■ WHAT THE EXERCISE ASKS
The answer must be the full listing, word for word, with no pictures in it.

■ GIVEN DATA
++++++++++++++++++++

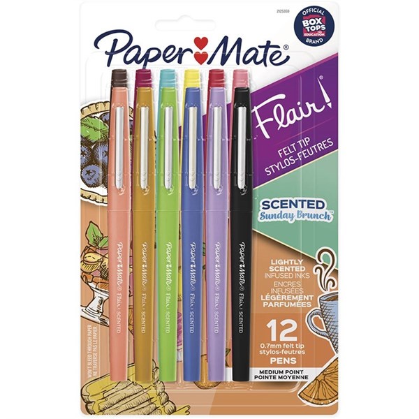 PAPERMATE FLAIR SCENTED FELT TIP PEN MEDIUM SUNDAY BRUNCH 0.7MM ASSORTED PACK 12
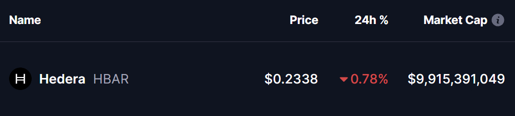 日线图上,HBAR近期持续在下降三角形形态内震荡整理——该形态通常被视为看跌延续结构,其特征是不断下移的高点与水平支撑线逐渐收敛,直至出现方向性突破。尽管多次测试,HBAR始终坚守0.2260美元支撑位,每次下探该区域都伴随稳健买盘,暗示有大资金正在吸筹。现报价0.2341美元,略低于50日均线(0.245美元)及下降趋势线阻力位。
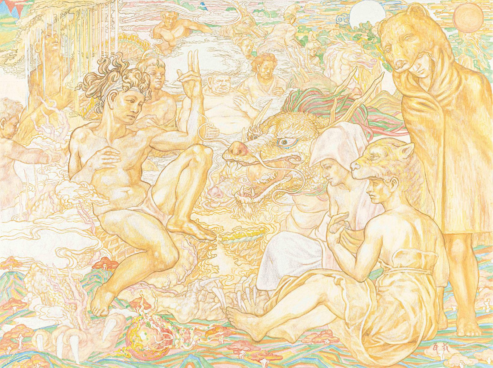 화풍은 그동안 봐왔던 것과 많이 달랐다. ‘신과 인간 사이의 소통을 회화적으로 가장 밀접하게 풀어냈다’는 작가의 말처럼 풍성한 구상을 부드럽고 엷은 세필로 윤곽선을 표현해 아련한 느낌을 자아냈다. 내용은 민화나 불화, 힌두 미술, 풍속화, 르네상스 미술 등을 혼합해 빚어냈다.
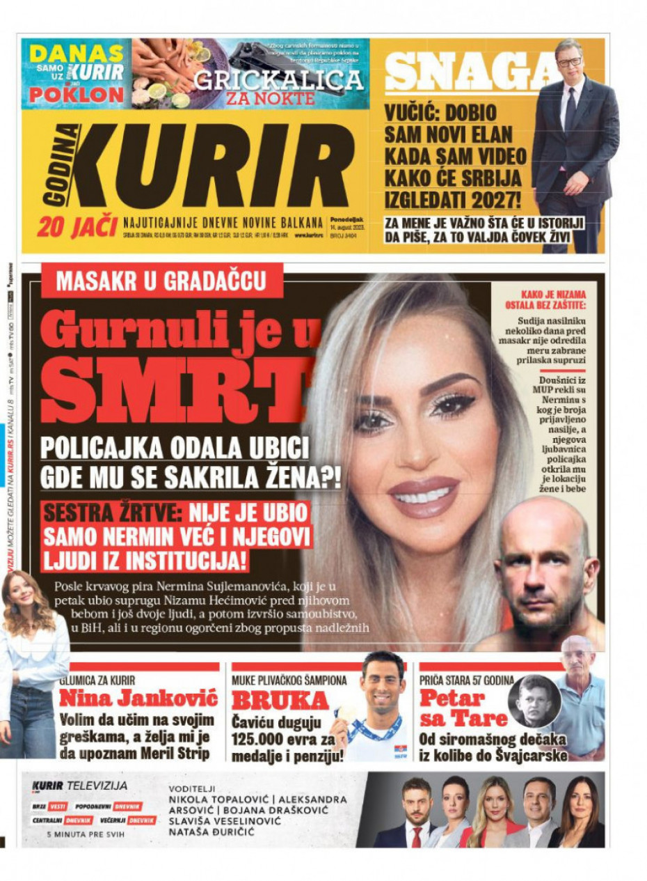 Pogledajte šta na naslovnim stranama donose dnevne novine u Srbiji u izdanju za ponedeljak, 14. avgust.

++++++++++++++++++++

■ ANSWER TO THE PROBLEM
 PAPERMATE FLAIR SCENTED FELT TIP PEN MEDIUM SUNDAY BRUNCH 0.7MM ASSORTED PACK 12
 日线图上,HBAR近期持续在下降三角形形态内震荡整理——该形态通常被视为看跌延续结构,其特征是不断下移的高点与水平支撑线逐渐收敛,直至出现方向性突破。尽管多次测试,HBAR始终坚守0.2260美元支撑位,每次下探该区域都伴随稳健买盘,暗示有大资金正在吸筹。现报价0.2341美元,略低于50日均线(0.245美元)及下降趋势线阻力位。
 화풍은 그동안 봐왔던 것과 많이 달랐다. ‘신과 인간 사이의 소통을 회화적으로 가장 밀접하게 풀어냈다’는 작가의 말처럼 풍성한 구상을 부드럽고 엷은 세필로 윤곽선을 표현해 아련한 느낌을 자아냈다. 내용은 민화나 불화, 힌두 미술, 풍속화, 르네상스 미술 등을 혼합해 빚어냈다.
 Pogledajte šta na naslovnim stranama donose dnevne novine u Srbiji u izdanju za ponedeljak, 14. avgust.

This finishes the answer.